Around five years ago – coming quickly onto six – way back in 2009 – my grandma passed away. To date I haven’t posted that much about her; because she was so important to me and I loved her so very much. To be perfectly honest, I am never quite satisfied with what I end up writing about her because I can’t seem to capture her greatness enough to share with the public. But just take my word for it, my grandma was and always will be the biggest super hero and influence in my life.
So, as you can probably guess, her death hit me like a tidal-wave. I experienced more pain and darkness after her death then I ever have in my life – probably because my biggest source of sunshine was robbed from me at such a brutally young age.
For this post to make sense what you need to know is my grandma was basically my mom growing up. I did everything with her: from my first laugh, to our weekly sleepovers on Friday and Saturday nights, and my grade 8 graduation, and then about everything else in between.
Obviously once she passed my family was extra concerned for me. Don’t get me wrong, her death effected everyone majorly, but I didn’t just loose my grandma that day; I lost my very best-friend, and my other mom. Now you have to understand that I was 13 and although I was grieving and broken, I also knew that I could probably get anything that I wanted, and that is where Taz comes into the story.
I found Taz on the local SPCA website. She was small, golden, and so ugly that she was ridiculously cute (a trait that has grown with her I might add). Somehow, with all the luck in the world, I convinced my mom to take me to go see her that night. And the next thing I knew it, the little coyote looking dog was mine… on one condition. First she had to meet Bosco: my 130lb borebell mastiff.
That is the first time I realized I was buying a little hellion. That 10lb little dog tore around the room, bouncing, biting, and taunting Bosco. Needless to say, my big dog was never going to be a problem in that relationship and Taz came home with us that night.
She served her purpose. She got me through many tearful nights and painful days. She always cuddles with me during afternoon naps and she only runs away sometimes.

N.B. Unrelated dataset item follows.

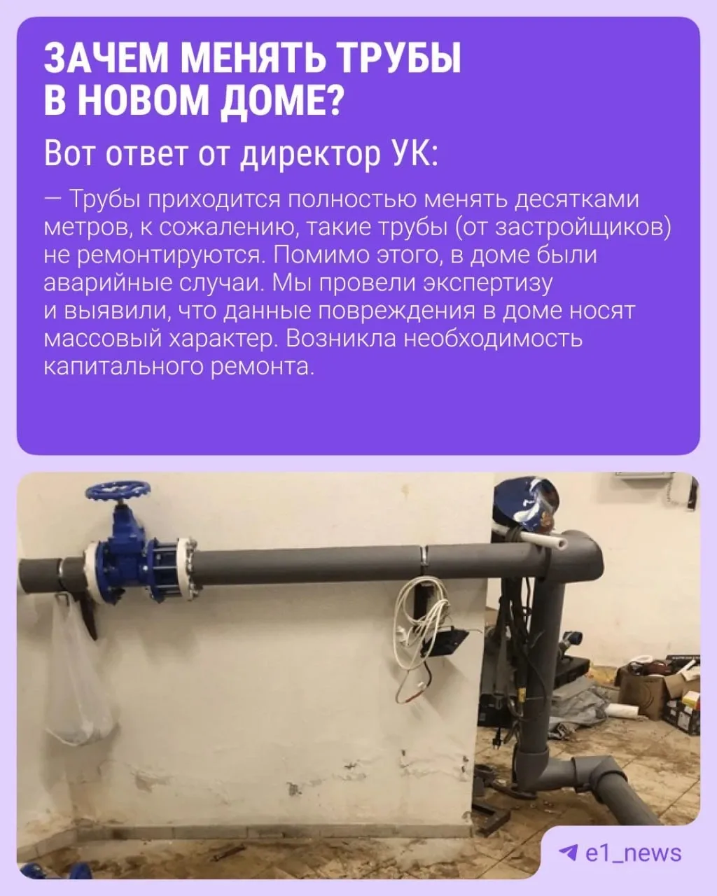 По словам жильцов, на новых трубах уже есть протечки. После монтажа появились проблемы с пожарным краном, в случае возгорания спасатели не смогут подключиться к системе водоснабжения дома и им придется искать другой источник воды.
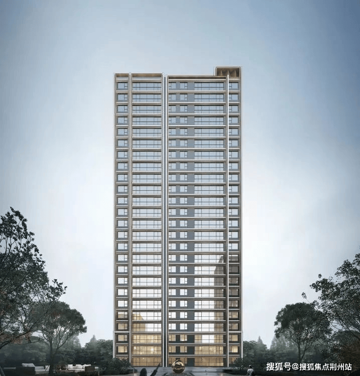 项目外立面以现代简约风为主,纵向伸展线条,将立面体块切割出黄金比例。

However I think that little dog is worse then a child would be. Which really brings us to the start of this story – after a very long but insightful introduction.
Recently Taz has taught herself two new “tricks”
1. She likes to tear apart door frames, whenever she is left alone in the house. And by tear apart I mean completely and utterly destroy them to the point where we are going to have to replace them before ever moving. I’m not even sure how she manages to destroy as much as she does, I mean she’s not very big, but there are claw marks as high as my hip. So yes it is a very pricey and naughty trick – but it is also a little impressive. I am pretty convinced she could put a beaver to shame.
And now for her newest and most frustrating trick yet:
2. Taz has decided that she is going to wake me up every single hour on the dot throughout the night. I kid you not. Every single hour for the last two nights she has done one of three things:
1. Practiced her singing
2. Trained for a marathon on my hardwood floor
(and if one and two failed her then she resorted to the last and most promising method)
3. Jumping on-top of me repeatedly till I acknowledge her.
Sounds like fun doesn’t it? Besides who really needs sleep? It’s obvious here that she holds all of the power in our relationship and I don’t stand a chance against her puppy-dog eyes.
So now I write to you, at 8 a.m. this morning, after only four hours of sleep, to tell you about my dog that has truly earned her title: “The TAZ-manine Devil”. I think I have entered “zombie mode” considering this is day 2 of her newest behavior and I can only hope that by tonight she will be just as exhausted as me and sleep through the night – however this is unlikely because she is probably sleeping now while I go and earn my pay cheque.
But how could I ever be mad over a little lost sleep when my sweet little princess saved me when I was at my absolute lowest?
Dog’s truly are a (wo)man’s best-friend. And I wouldn’t trade any annoying habits, bad behaviour, or sleepless nights for anything because I will never be able to repay my dog for everything she does for me.